摘要： 不完整数据集分类前需要对缺失值先填充。目前已有了一些经典的缺失值填充算法，如均值填充、[K]近邻填充等。它们各有优势，但这些算法对缺失值的估算易受到与缺失值相关性不大的其他数据干扰，影响缺失值填充效果，进而影响后续分类性能。针对该问题，提出一种邻域信息修正不完整数据多填充集成分类方法。该方法通过嵌入修正填充模块来优化填充过程，利用纯度和邻域半径筛选出待修正填充的近邻数据样本，并根据这些近邻数据样本对缺失值进行修正填充，进一步提升填充精度。同时，融合了多种经典填充算法优势，利用多填充的数据多样性，通过引入集成学习提升分类精确度。实验结果表明，该方法对基准数据集上的缺失值填充效果、数据分类精确度都优于对比方法，同时在真实不完整数据集上也表现出更好的分类精确度。

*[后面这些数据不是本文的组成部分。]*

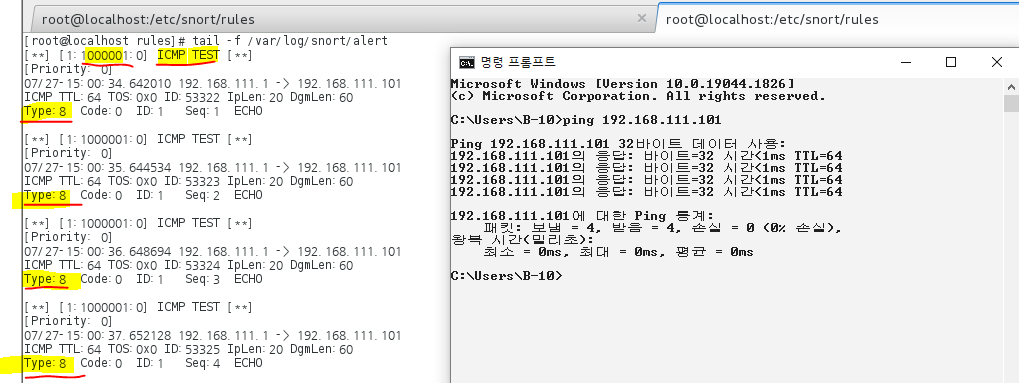 alert icmp any any -> 192.168.111.101 any (msg: "ICMP TEST"; sid: 1000001;)

关键词: 不完整数据分类, 修正填充, 邻域信息, 集成学习

Abstract: Missing value imputation is one of the important preprocess techniques for incomplete data classification. Numerous missing value imputation methods have been proposed over the past decades. However, these algorithms are prone to being affected by other data that is not related to the missing values, leading to imprecise imputation results and degradation of subsequent classification performance. To address this issue, this paper proposes an incomplete data classification method based on multiple imputation-revision ensemble with local information. The method incorporates an imputation-revision module that selects neighbor of the sample to be corrected and imputed based on neighborhood purity and neighborhood radius, resulting in better imputation accuracy. The method also integrates the strengths of multiple classic imputation algorithms and utilizes the diversity of multiple imputed dataset to enhance classification accuracy via ensemble learning. Experimental results demonstrate that this method outperforms compared methods in terms of imputation accuracy and classification performance on benchmark datasets, and it also exhibits superior classification accuracy on real-world incomplete datasets.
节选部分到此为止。